#### WHAT NEEDS TO BE DONE:
Return the data below exactly as given, except for the images.

#### DATA:
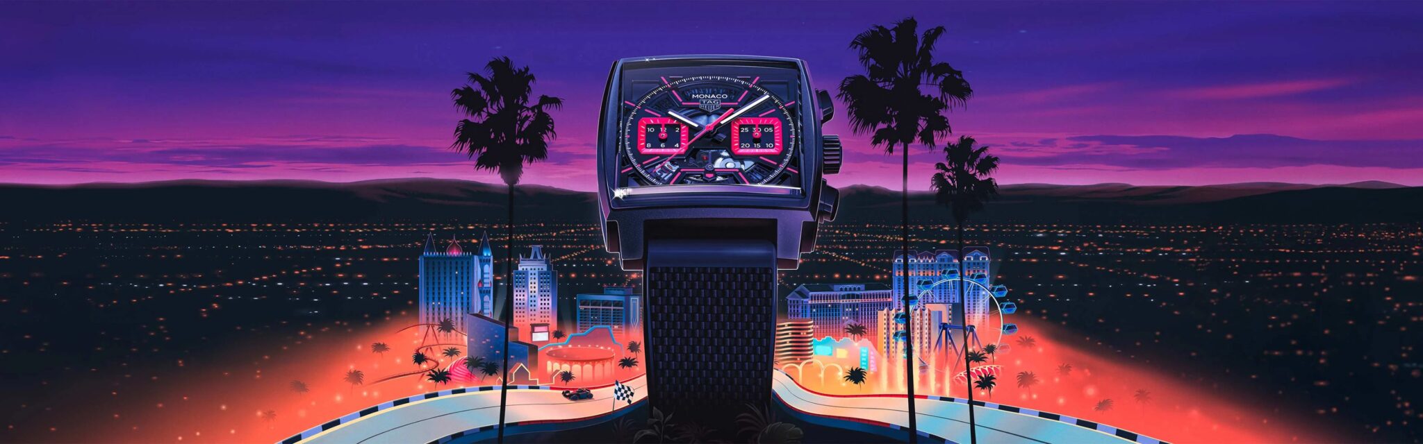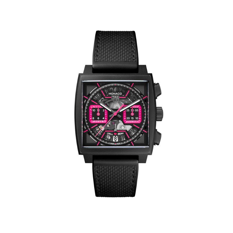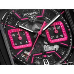 La esfera esqueleto arenada negra cobra vida con vibrantes detalles en rosa y contadores en rosa opalina, que crean un atrevido despliegue de color y artesanía.
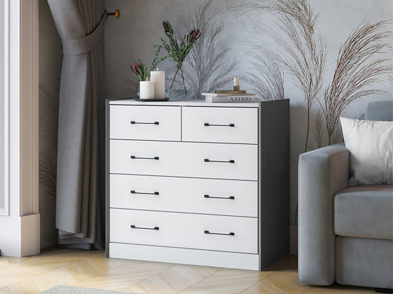 Цвет: ЛДСП Белый-Графит серый/МДФ Белый снег
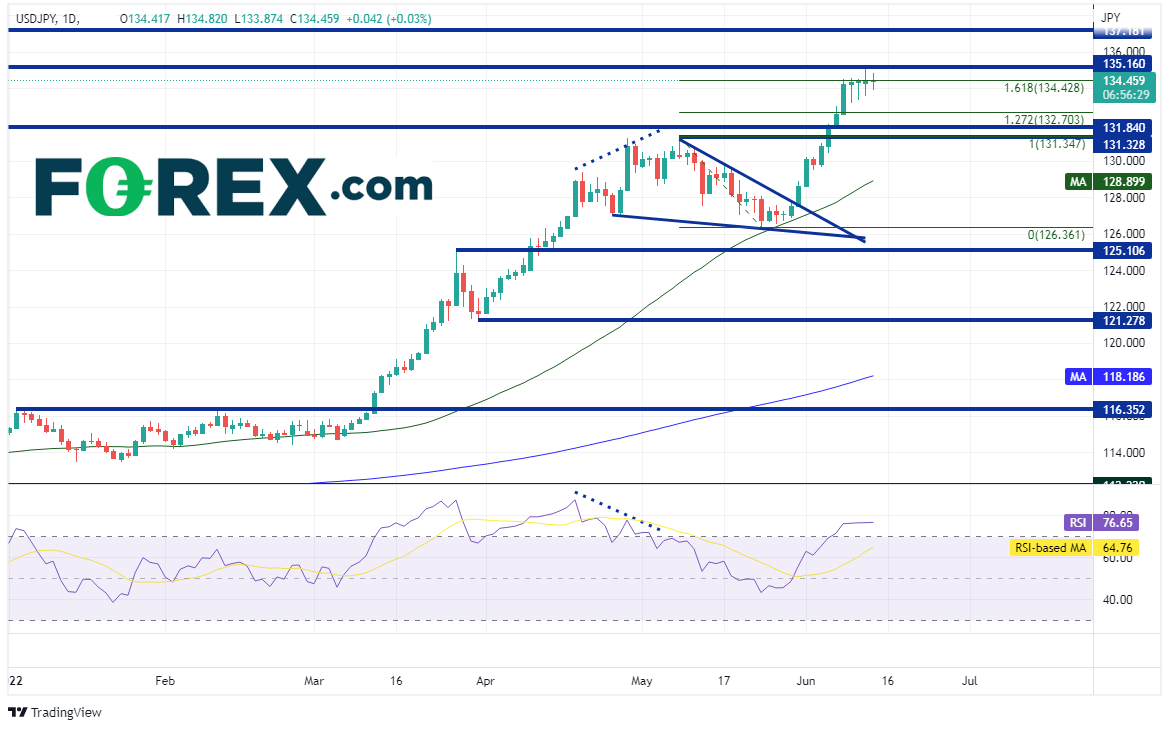 美元/日元6月初以来一直着意攻克135.00,昨天最高到达135.19。价格自3月初调头向上以来始终处于上涨趋势中,在5月9日创下短线高点130.81。之后回撤,形成下降楔形并守住126.31附近的50天均线。5月末,该货币对打破下降楔形,昨天延续涨势,摸至135.19,途中夺取了多个斐波纳契位和水平阻力位,目前交投于1998年以来最高点附近。
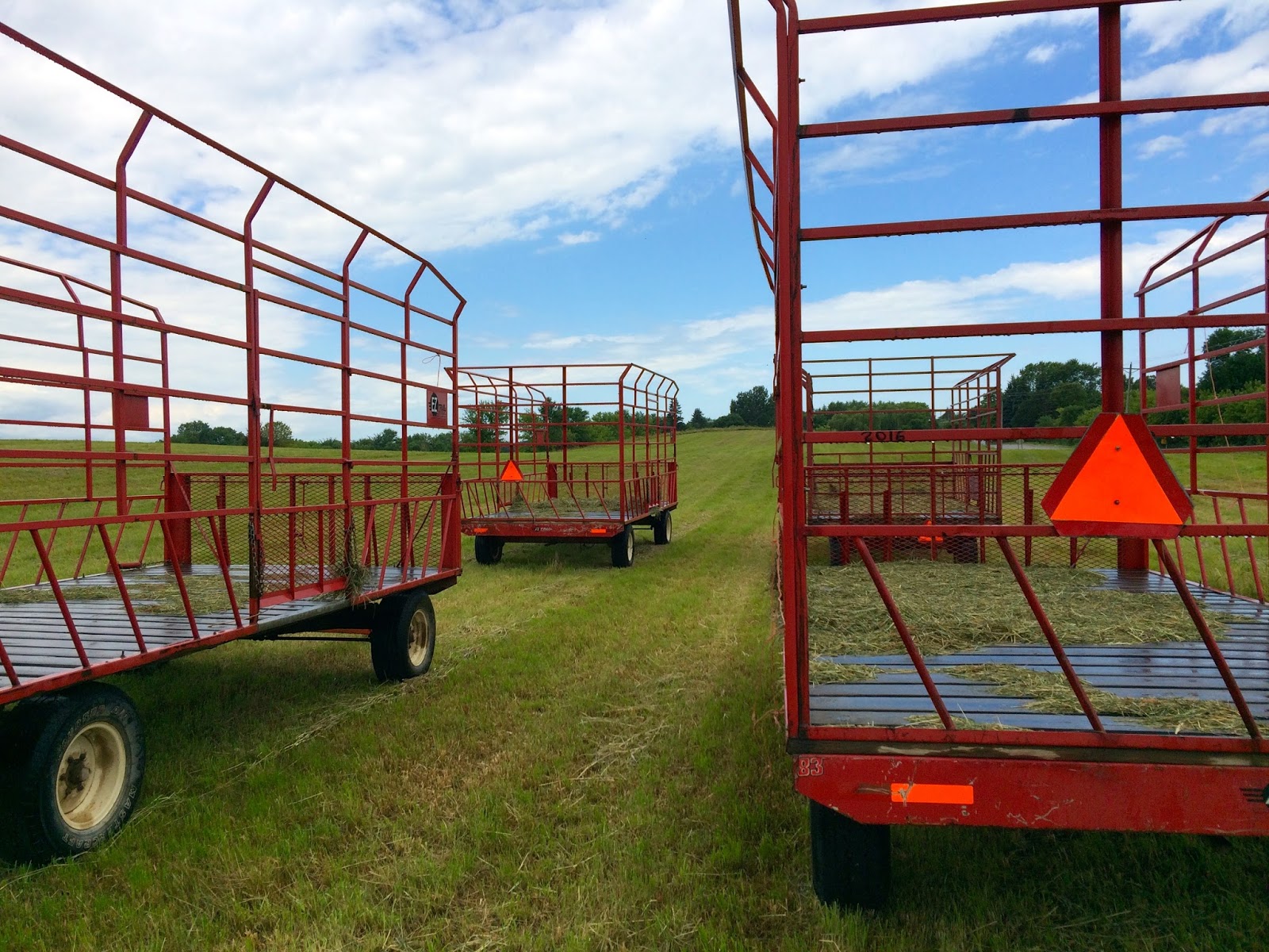 "Beauty" shot of four wagons, at their rest, plenty of work ahead of them later this summer. What I had seen was first hay harvest only.

#### ANSWER BOX:
 La esfera esqueleto arenada negra cobra vida con vibrantes detalles en rosa y contadores en rosa opalina, que crean un atrevido despliegue de color y artesanía.
 Цвет: ЛДСП Белый-Графит серый/МДФ Белый снег
 美元/日元6月初以来一直着意攻克135.00,昨天最高到达135.19。价格自3月初调头向上以来始终处于上涨趋势中,在5月9日创下短线高点130.81。之后回撤,形成下降楔形并守住126.31附近的50天均线。5月末,该货币对打破下降楔形,昨天延续涨势,摸至135.19,途中夺取了多个斐波纳契位和水平阻力位,目前交投于1998年以来最高点附近。
 "Beauty" shot of four wagons, at their rest, plenty of work ahead of them later this summer. What I had seen was first hay harvest only.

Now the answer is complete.